Stellenbosch University introduces Spanish to its curriculum

Stellenbosch University has introduced Spanish to its curriculum. Picture: Stellenbosch University / Facebook

Stellenbosch University has introduced Spanish to its curriculum. Picture: Stellenbosch University / Facebook

Published Feb 9, 2024


Stellenbosch University (SU) in the Western Cape, along with its Department of Modern Foreign Languages, announced on Friday it will be introducing Spanish to its curriculum, thanks to an agreement with the Spanish government.

The university signed a Memorandum of Understanding (MOU) with Spanish officials in December to formalise the establishment of a Spanish lectorate at the institution.

SU Rector and Vice-Chancellor, Professor Wim de Villiers said the collaboration marks a pivotal moment for cultural and education exchange.

“This MOU aids SU in our goal to build networks and foster new partnerships across the globe.

“Learning Spanish opens doors to more than just another language; it also creates opportunities that encourage students to engage with the cultures of numerous Spanish-speaking countries in the world, from Europe to Latin America.
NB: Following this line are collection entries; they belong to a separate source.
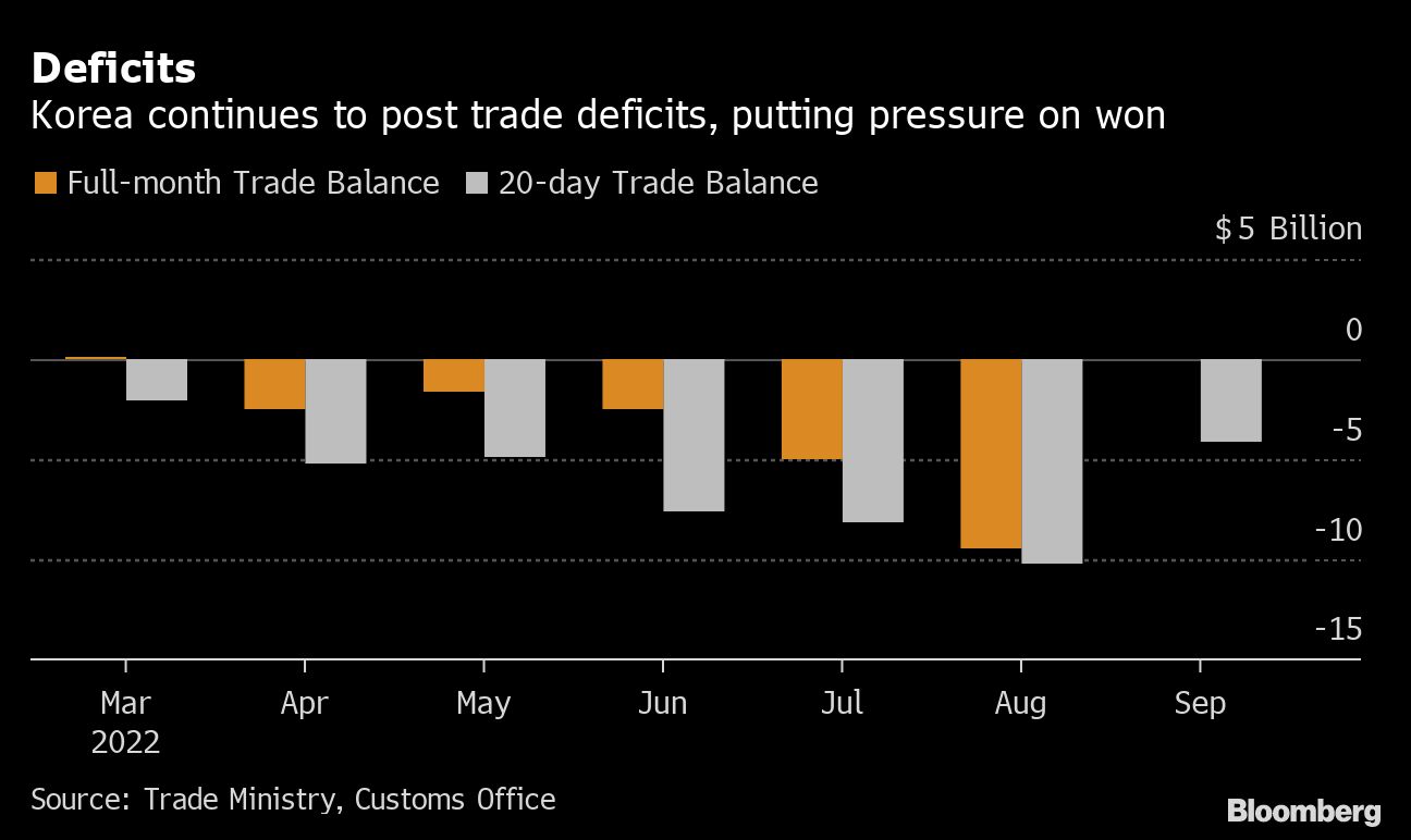 Deficits | Korea continues to post trade deficits, putting pressure on won Story: Charting the global economy: Fed headlines concert of rate hikes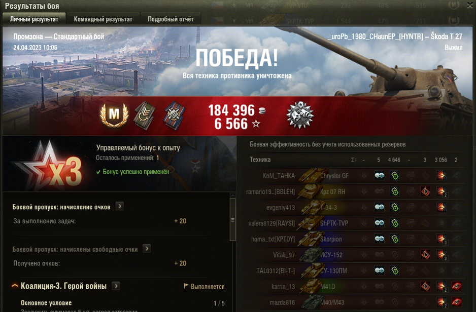 ПРОМЗОНА МАСТЕР на Škoda T 27 ОПЫТ: 1412 СУММАРНОГО УРОНА: 7702 медаль ДОЗОРНЫЙ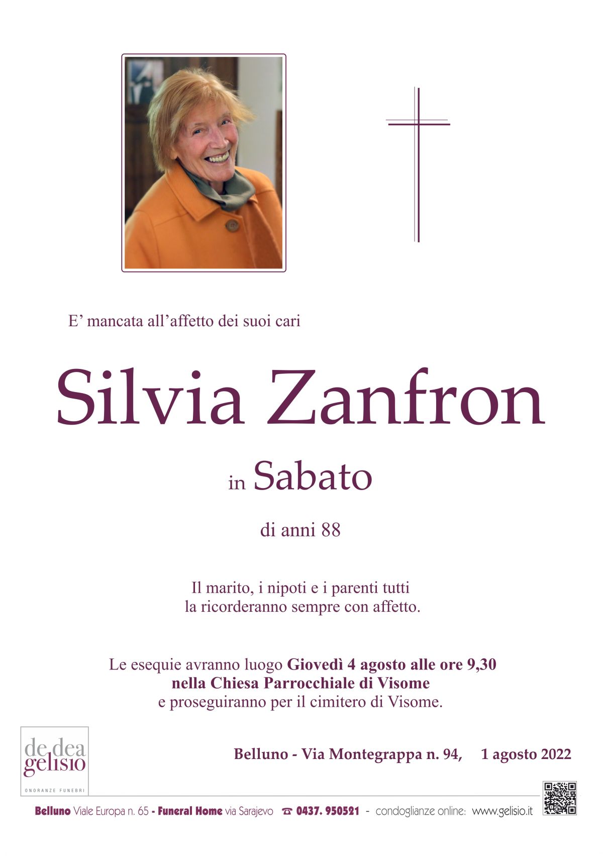 Il messaggio verrà recapitato ai famigliari dal nostro personale.

This is a significant development for the Department of Modern Foreign Languages,” De Villiers said.

Consul General of Spain in Cape Town, Jesús Silva conveyed a message of gratitude and congratulations on behalf of the Spanish government.

“The signing of the Memorandum between Stellenbosch University and the government of Spain concludes a process of almost two years of work to establish a Spanish lectorate in this prestigious academic institution.

“It brings not only language, but also culture and arts from the Spanish-speaking world, a community of 500 million people – a wide window to more knowledge and intellectual richness,” Silva said.

The Spanish Ambassador to South Africa, Raimundo Robredo Rubio extended his gratitude to the university.

“This is an important contribution to strengthen our bilateral relationship. Very few universities in the world have been chosen this year to create a new lectorate, and Stellenbosch was one of them,” Rubio said.

Professor Catherine du Toit, the chairperson of Modern Foreign Languages at SU said incorporating Spanish into the department has been a lifelong dream.

She said Spanish is the second most spoken language globally as a mother tongue.

“It is crucial for students to engage with a language that has a widespread and growing influence on the global stage. In an era of globalisation, effective, authentic human communication is paramount,” Du Toit said.

She said there is economic significance of this collaboration.

“The Spanish-speaking world, particularly Latin America, is home to emerging economies. Proficiency in Spanish is an excellent ability for young graduates seeking opportunities in international business, trade, and collaboration. Knowledge of Spanish can be particularly beneficial for students interested in careers related to technology, especially in markets where Spanish is prevalent,” Du Toit said.

She said the integration of Spanish will not only focus on language proficiency, but also cultural diversity and contemporary literature.

“Contemporary Spanish literature reflects the diverse cultures and experiences within the Spanish-speaking world. Authors from different Hispanic countries contribute to a rich tapestry of narratives that resonate with modern readers,” Du Toit said.

The presence of a Spanish lecturer would enable the department to give more momentum to the existing public programme of Spanish evening classes at the university.

“Spanish literature and film will also feature in our future coursework MA in Comparative Literature. If all goes well, we hope to later include Spanish in our official undergraduate curriculum, aligning with the language’s global relevance, cultural diversity, and economic significance.

“As students and colleagues engage with the language, it will not only enhance their cultural and linguistic proficiency, but also position them for a competitive edge in the contemporary job market,” Du Toit said.